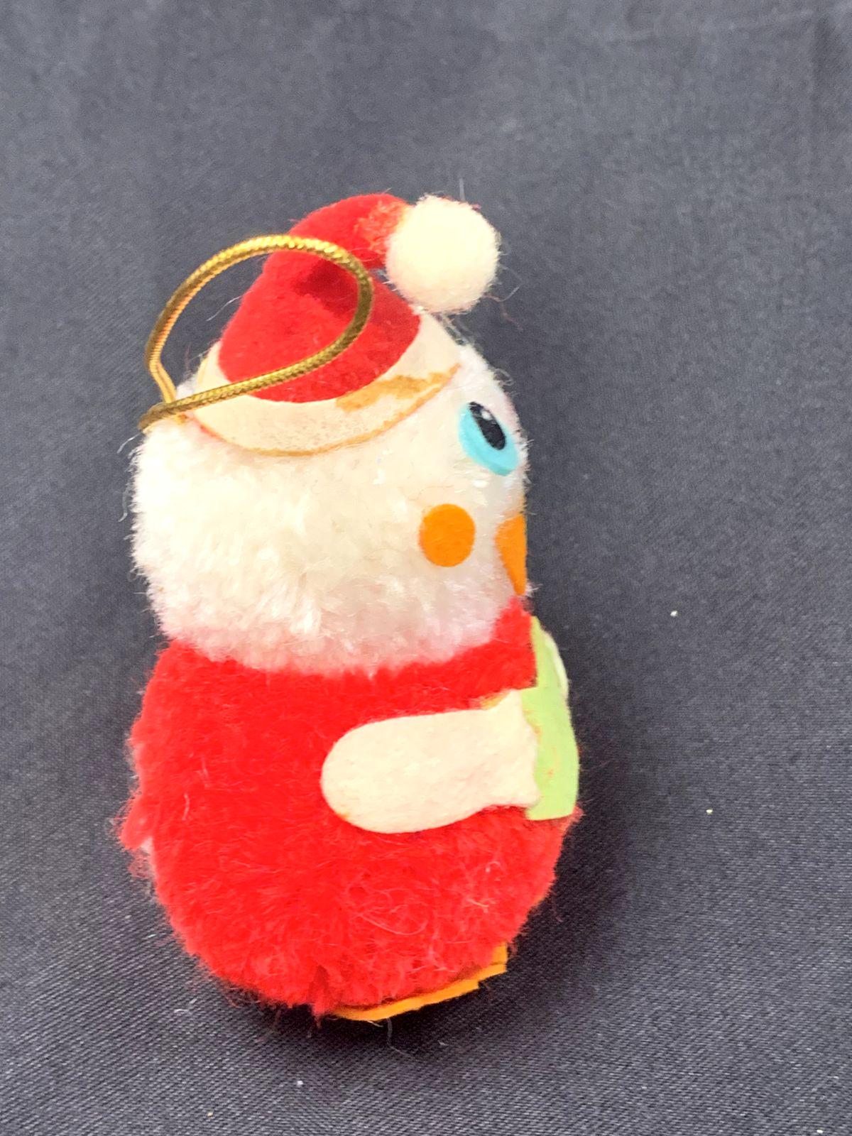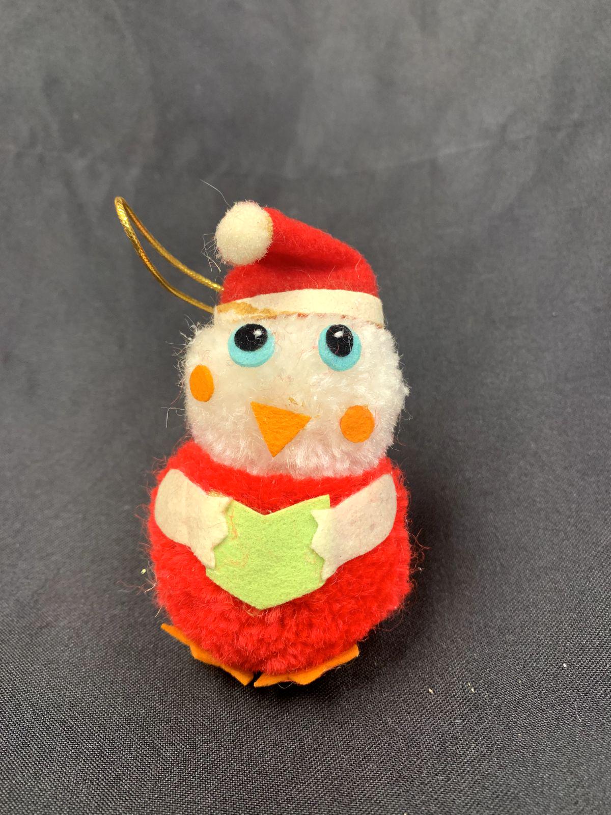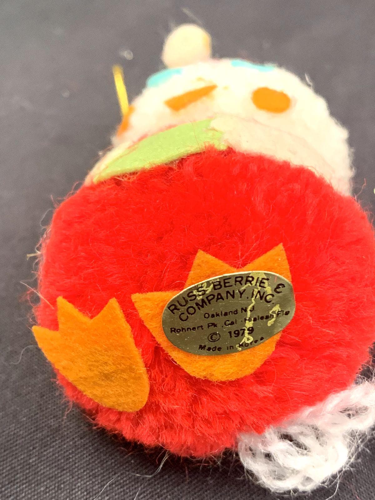 Vintage Russ and Berrie Whimsical Plus Pom Pom Bird Wearing a Santa Hit Christmas Tree Ornament From 1979
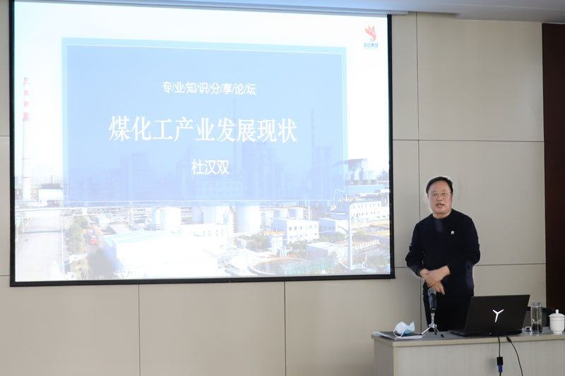 論壇上,杜漢雙總工程師從煤炭在能源中的地位、中國的能源結構講起,通過理論結合案例,緊緊圍繞現代煤化工的發展、煤化工產業鏈延伸具體展開分析,對公司二次創業中針狀焦工藝、煤制乙醇、氫氣島等系列項目建設作了全面深刻的詳細解讀,不僅讓大家清晰地了解行業發展現狀及企業項目優勢,更激發起大家干事創業的熱情。兩個多小時的授課,大家聽得專注,學得認真,記得仔細,十分解渴。授課結束后,杜總現場與大家進行了互動,解答了大家關心的相關問題。
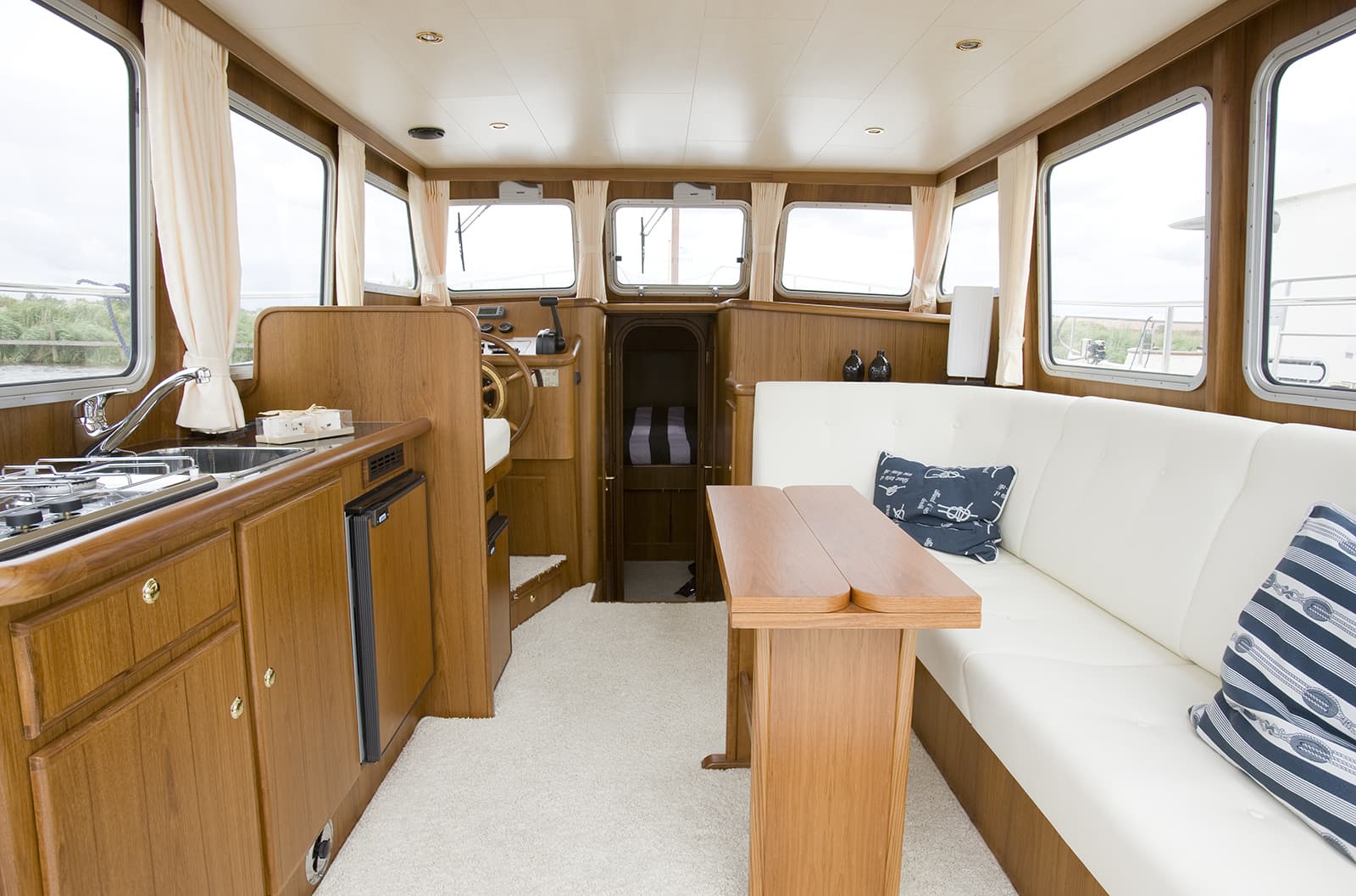 De Smelne Vlet 350 OC is een compact motorjacht van 10,70 meter, perfect voor zowel rustige binnenwateren als avontuurlijke kustwateren. Het klassieke ontwerp wordt gecombineerd met moderne afwerking, waardoor comfort en betrouwbaarheid hand in hand gaan. Dit hoogwaardige stalen jacht biedt een doordachte indeling, met een gezellige open kuip, een comfortabele zithoek, een goed uitgeruste keuken en ruime slaapruimte. U kunt kiezen uit diverse indelingen, zoals een keuken in de salon of het voorschip, een verlengd salondak of een modern elektrisch schuifdakluik. Het interieur kan volledig worden afgestemd op uw persoonlijke voorkeuren, zodat de Smelne Vlet 350 OC naadloos aansluit bij uw stijl. Dit motorjacht is de ideale keuze voor wie op zoek is naar een compact, maar compleet schip voor onvergetelijke momenten op het water.
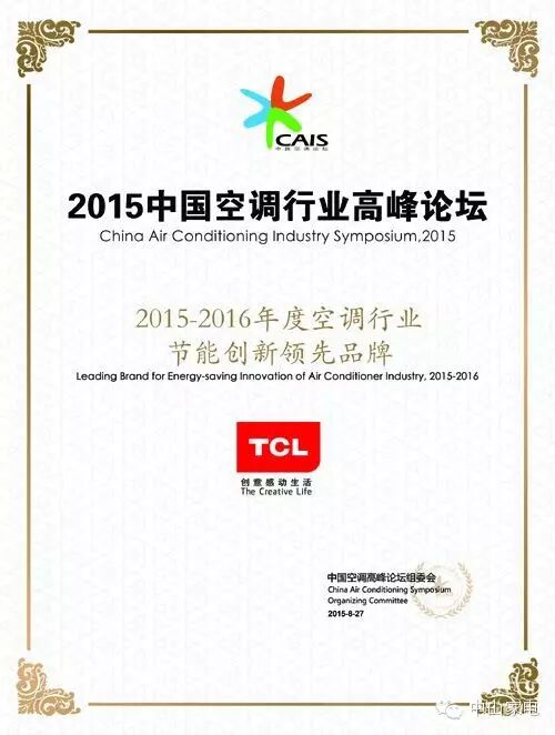 TCL获“2015-2016年度空调行业节能创新领先品牌”奖
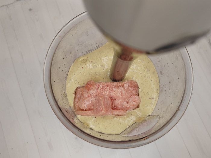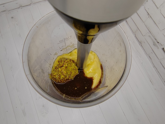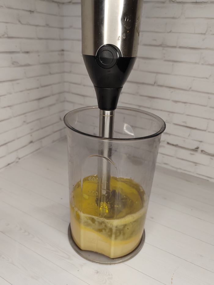 Опускаем блендер в чашу на самое дно, и стараясь не шевелить им, и ни в коем случае, не поднимать! Начинаем взбивать соус на максимальных оборотах.

= = = =

_REQUIRED WORK_. The job is to copy all the records precisely while omitting any picture.

_THE COMPLETED TASK_.
 Vintage Russ and Berrie Whimsical Plus Pom Pom Bird Wearing a Santa Hit Christmas Tree Ornament From 1979
 論壇上,杜漢雙總工程師從煤炭在能源中的地位、中國的能源結構講起,通過理論結合案例,緊緊圍繞現代煤化工的發展、煤化工產業鏈延伸具體展開分析,對公司二次創業中針狀焦工藝、煤制乙醇、氫氣島等系列項目建設作了全面深刻的詳細解讀,不僅讓大家清晰地了解行業發展現狀及企業項目優勢,更激發起大家干事創業的熱情。兩個多小時的授課,大家聽得專注,學得認真,記得仔細,十分解渴。授課結束后,杜總現場與大家進行了互動,解答了大家關心的相關問題。
 De Smelne Vlet 350 OC is een compact motorjacht van 10,70 meter, perfect voor zowel rustige binnenwateren als avontuurlijke kustwateren. Het klassieke ontwerp wordt gecombineerd met moderne afwerking, waardoor comfort en betrouwbaarheid hand in hand gaan. Dit hoogwaardige stalen jacht biedt een doordachte indeling, met een gezellige open kuip, een comfortabele zithoek, een goed uitgeruste keuken en ruime slaapruimte. U kunt kiezen uit diverse indelingen, zoals een keuken in de salon of het voorschip, een verlengd salondak of een modern elektrisch schuifdakluik. Het interieur kan volledig worden afgestemd op uw persoonlijke voorkeuren, zodat de Smelne Vlet 350 OC naadloos aansluit bij uw stijl. Dit motorjacht is de ideale keuze voor wie op zoek is naar een compact, maar compleet schip voor onvergetelijke momenten op het water.
 TCL获“2015-2016年度空调行业节能创新领先品牌”奖
 Опускаем блендер в чашу на самое дно, и стараясь не шевелить им, и ни в коем случае, не поднимать! Начинаем взбивать соус на максимальных оборотах.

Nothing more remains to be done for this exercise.